The state commissions are just about the same. Lagos, where fireman Ogundimu died in a well and an honourable blamed it on the backwardness of the state fire law, has its own reform commission. It was established in 2007, but inaugurated five years later by ex-Gov. Babatunde Fashola. The National Daily enquiry (by electronic mail) to the commission on the fire law was neither acknowledged nor answered.

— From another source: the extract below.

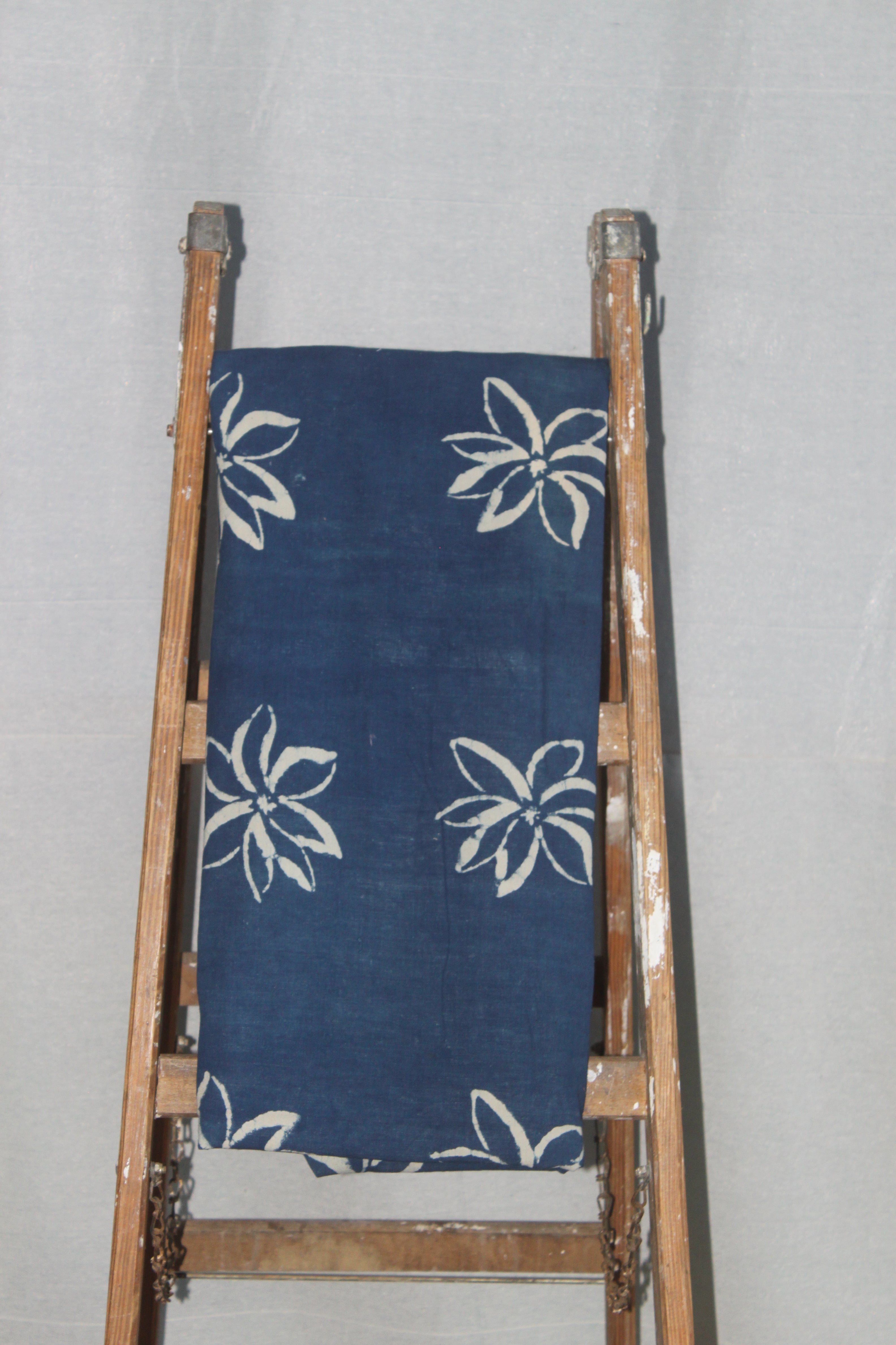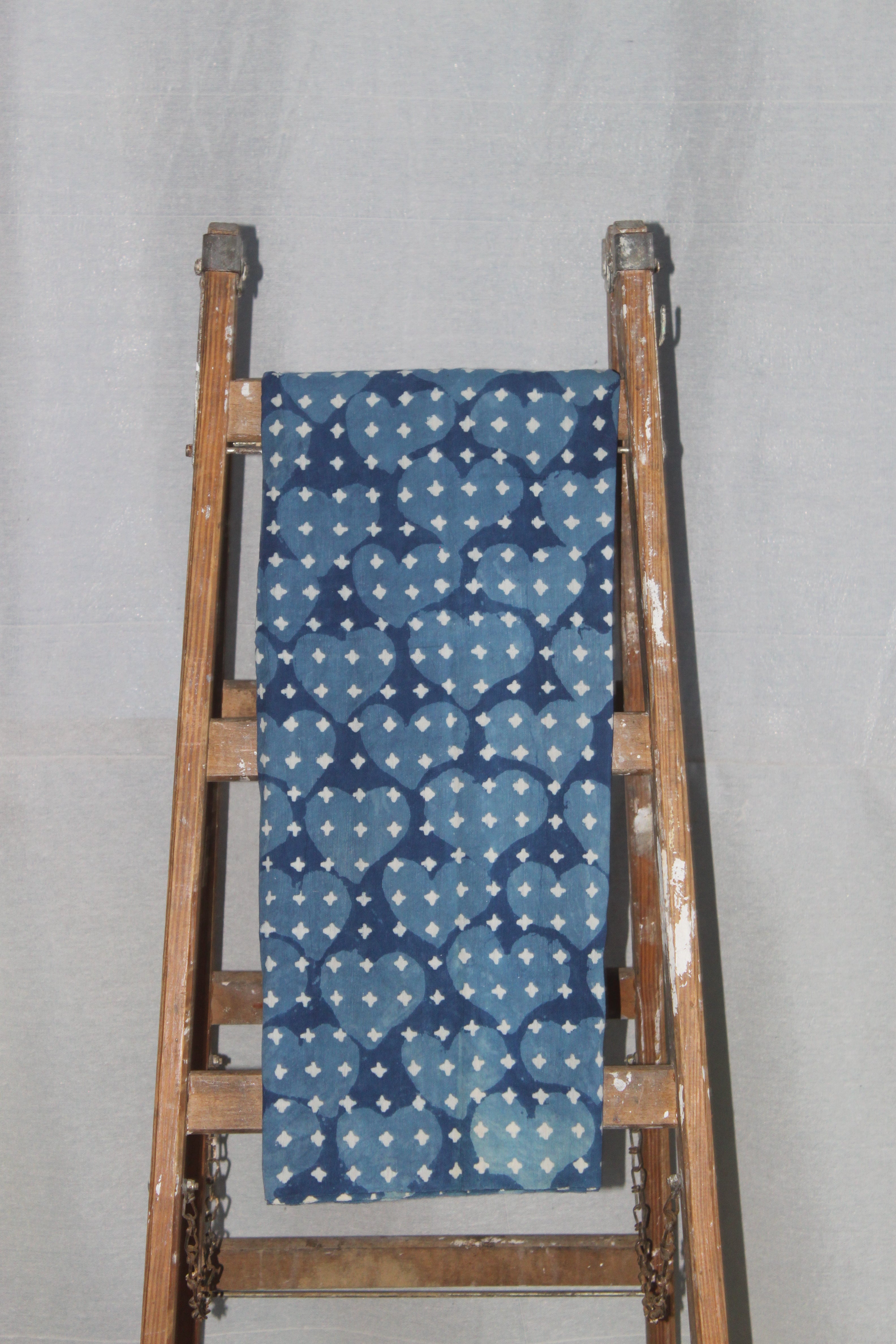 Handdyed in Indigo, this textile first came unbleached and has undergone a few washing processes by both the weavers as well as our partner, The Stitching Project, before mud resist technique is applied.

But the office of the attorney-general of Lagos has some records. Former AG Ade Ipaye reeled out a long list of innovations in the state’s justice system during a press briefing in 2013. In the first year of operation, said Ipaye, the commission developed a comprehensive Sentencing Guidelines Bill to provide statutory framework for sentencing of offenders in Lagos State. It was working on two 54-year-oldContract Law and Tort Law, and a 57-year-old Sale of Goods Law.
Probably the fire law isn’t on the card now. More people could still roast to death as the 43-year-old law guides fire service in Lagos.
But the crude fire service won’t be the only arsenal for weapons of mass destruction either in Lagos or elsewhere in Nigeria. Courts administered by old-fashioned milords will also have some. “An ignorant judge is no better than a mass murderer,” Musdapher said, catching in his dragnet Sharia court judges and magistrates. “In his ignorance, he would have committed so many blunders that even the pains of appeal could not rectify.” And, naturally, there’s little hope for any democracy riddled with such howlers in the temple of justice.